→ EXERCISE:
Copy exactly, beginning with the line holding "Интерьер заведения нам" and ending with the final line of the data beneath this task; copy nothing else, and leave out every picture.

→ DATASET EXCERPT:

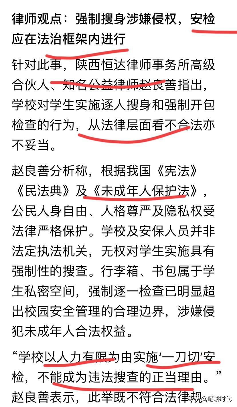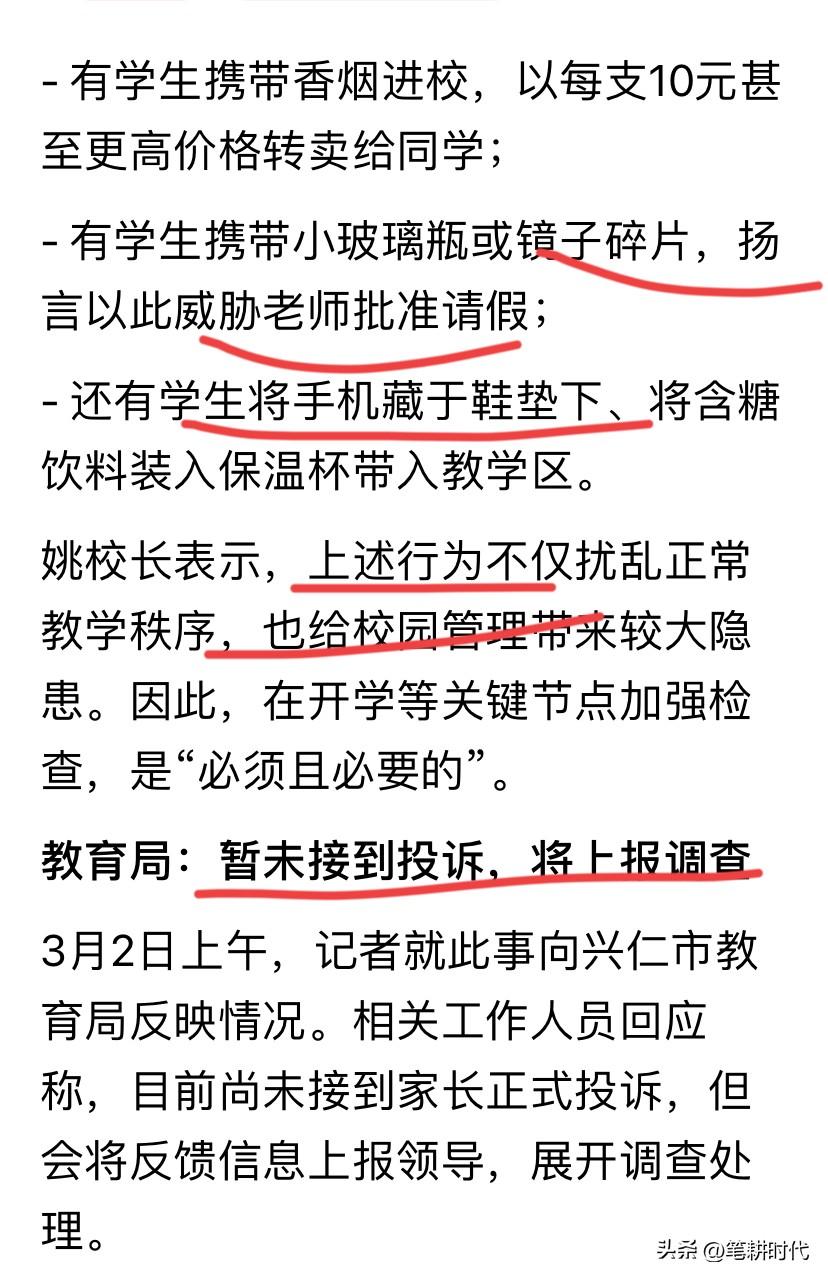 返校被搜查疑侵犯隐私,有学生带烟进来一支卖10元或许还不止,只有脑子有问题的家长才会攻击学校搜查违禁品! 有些人质疑学校,但凡孩子们带打火机,管制刀具到学校,一旦出事,你的口水怕是能把整个学校淹了! 有律师认为,学校对学生实施逐人搜身和强制开包检查的行为,不能成为违法搜查的正当理由。这不符合法律规定,也不利于保护学生身心健康。 这事本来就是家长的问题,如果家长能管住自己的孩子,不带不该带的东西,学校又何必多此一举?出了问题又埋怨,甚至去讹诈学校,学校能怎么办? 每一个离谱的规定,后面必须有一个奇葩的惨痛的教训。 现在有些家长不干正事动不动就上纲上线,等小树苗长歪了那天后悔就晚了! 我绝对支持学校安检,作为孩子家长我觉得可以理解,毕竟打火机,管制刀具之类的太危险了。严格检查携带物品进校是维护学生的安全必要手段。 把不该进校园的东西带进去造成事故,那又是学校天大的责任!把公民隐私权扩大化给社会带来了多大的灾难? 学校就该有学校的规矩!隐私从来都在公共安全上让步! 只有现在老师的角度去看待学生才会理解学校的做法!
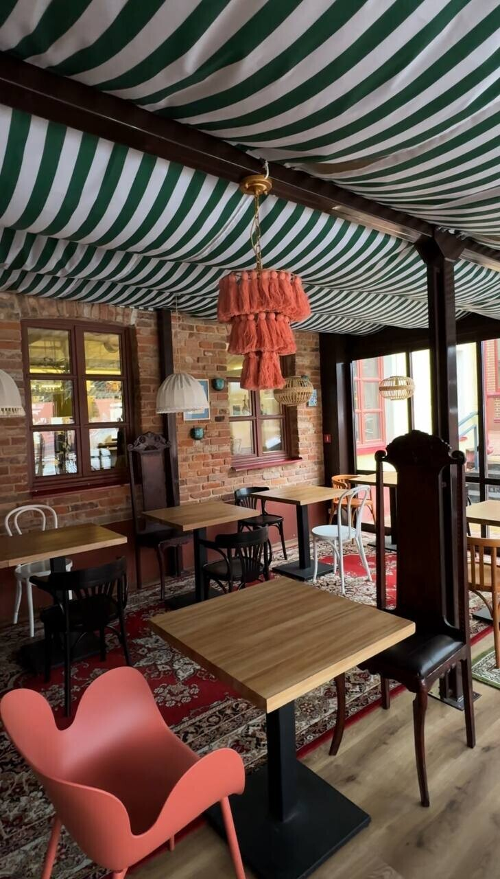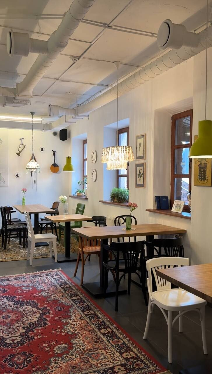 Интерьер заведения нам очень импонирует. Во-первых, решает архитектура: два этажа, много пространства, много окон, а значит и естественного света. Интерьер получился предельно уютным: хочется сидеть здесь вечерами при теплом свете торшера. Дизайнеры соединили современные элементы и винтаж, причем очень гармонично. Как будто оказываетесь в квартире у любимой бабушки.
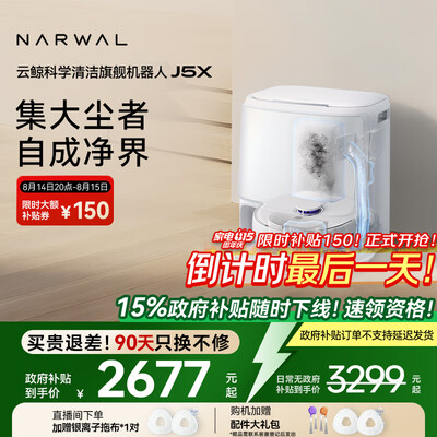 云鲸【政府补贴15%】扫地机器人J5Max 智能扫拖一体洗地机器人 扫拖一体自动清洗全自动擦地机 水箱版目前活动价:2991.15元!

→ TASK OUTPUT:
 Интерьер заведения нам очень импонирует. Во-первых, решает архитектура: два этажа, много пространства, много окон, а значит и естественного света. Интерьер получился предельно уютным: хочется сидеть здесь вечерами при теплом свете торшера. Дизайнеры соединили современные элементы и винтаж, причем очень гармонично. Как будто оказываетесь в квартире у любимой бабушки.
 云鲸【政府补贴15%】扫地机器人J5Max 智能扫拖一体洗地机器人 扫拖一体自动清洗全自动擦地机 水箱版目前活动价:2991.15元!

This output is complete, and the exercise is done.